11(R),12(S),15(S)-trihydroxyeicosa-5(Z),8(Z),13(E)-trienoic acid:: an endothelium-derived 15-lipoxygenase metabolite that relaxes rabbit aorta

Previous studies indicate that 11,12,15-trihydroxyeicosatrienoic acid (11,12,15-THETA), an endothelium-derived hyperpolarizing factor in the rabbit aorta, mediates a portion of the relaxation response to acetylcholine by sequential metabolism of arachidonic acid by 15-lipoxygenase, hydroperoxide isomerase, and epoxide hydrolase. To determine the stereochemical configuration of the endothelial 11,12,15-THETA, its activity and chromatographic migration were compared with activity and migration of eight chemically synthesized stereoisomers of 11,12,15( S)-THETA. Of the eight isomers, only 11( R), 12( S), 15( S)trihydroxyeicosa-5(Z),8(Z),13(E)- trienoic acid comigrated with the biological 11,12,15-THETA on reverse- and normal-phase HPLC and gas chromatography.
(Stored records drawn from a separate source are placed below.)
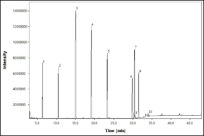The analyses of the reaction products were conducted in a Shimadzu Gas Chromatograph with Mass Spectrometer (GCMS-QP2010 SE), using an RXi1MS capillary column (30m x 0.25mm x 0.25μm). The flow of the carrier gas, helium, at a linear velocity of 37.5 cm/sec and column flow of 1.0 mL/min. The furnace programming was 120 °C for 2 min with a heating ramp from 10 °C/min to 180 °C and remained for 3 min, being heated again at a rate of 5 °C/min to 280 °C, remaining until 2 min. The injector and ion source temperatures were 250 °C and 200 °C, respectively. Split injection mode with a 1/50 ratio. Running time 33 min.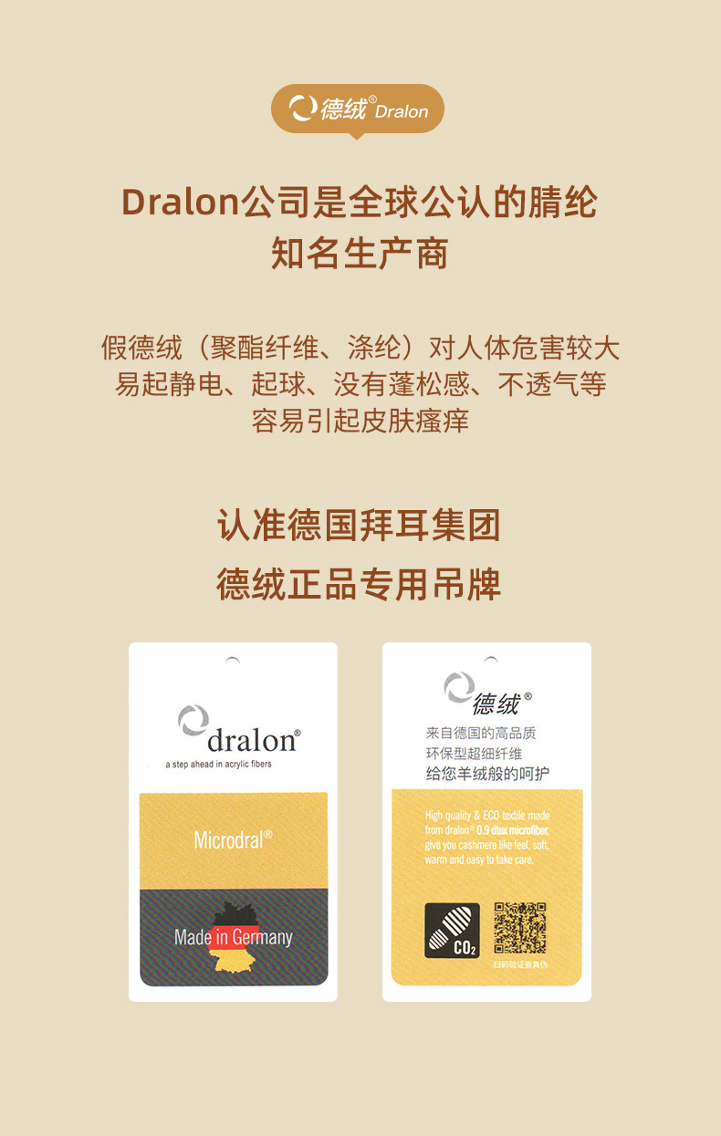 德绒专属吊牌,配质检报告,用数字说话,单件包装,可随机搭配产品,色系定制定染,适合不同年龄阶段。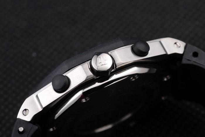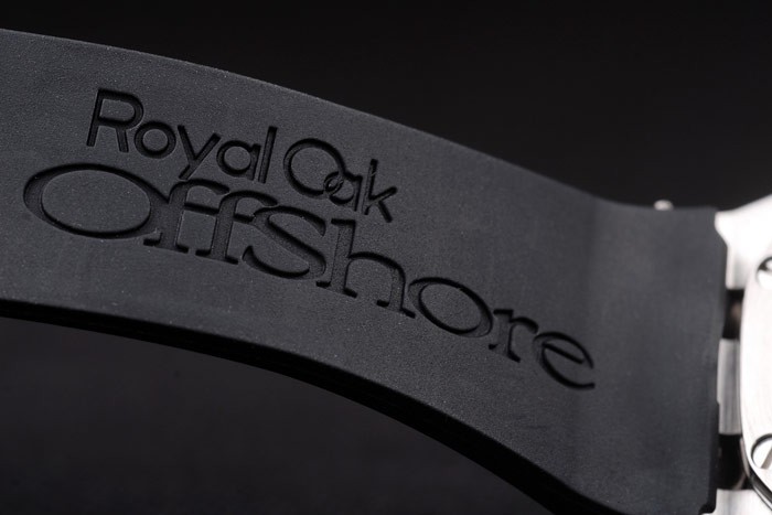Bracelet: Audemars Piguet Royal Oak Offshore repujado correa de caucho negro con Audemars Piguet grabado pulido doble de acero inoxidable -en Longitud clasp

The same THETA isomer (10(-7) - 10(-4) M) relaxed the rabbit aorta in a concentration- related manner ( maximum relaxation = 69 +/- 5%). These relaxations were blocked by apamin (10(-7) M), an inhibitor of small-conductance Ca2+- activated K+ channels. In comparison, 11(S), 12(R), 15(S), 5(Z), 8(Z), 13( E)- THETA (10(-4) M) relaxed the aorta by 22%. The other six stereoisomers were inactive in this assay. With use of the whole cell patch-clamp technique, it was shown that 10(-4) M 11(R), 12(S), 15(S), 5(Z), 8(Z), 13( E)- THETA increased outward K+ current in isolated aortic smooth muscle cells by 119 +/- 36% at +60 mV, whereas 10(-4) M 11(R), 12(R), 15(S), 5(Z), 8(Z), 13(E)-THETA increased outward K+ current by only 20 +/- 2%. The 11(R), 12(S), 15(S), 5(Z), 8(Z), 13(E)THETA-stimulated increase in K+ current was blocked by pretreatment with apamin. These studies suggest that 11(R),12(S),15(S)trihydroxyeicosa- 5( Z), 8( Z), 13( E)-trienoic acid is the active stereoisomer produced by the rabbit aorta. It relaxes smooth muscle by activating K+ channels. The specific structural and stereochemical requirements for K+ channel activation suggest that a specific binding site or receptor of 11,12,15-THETA is involved in these actions.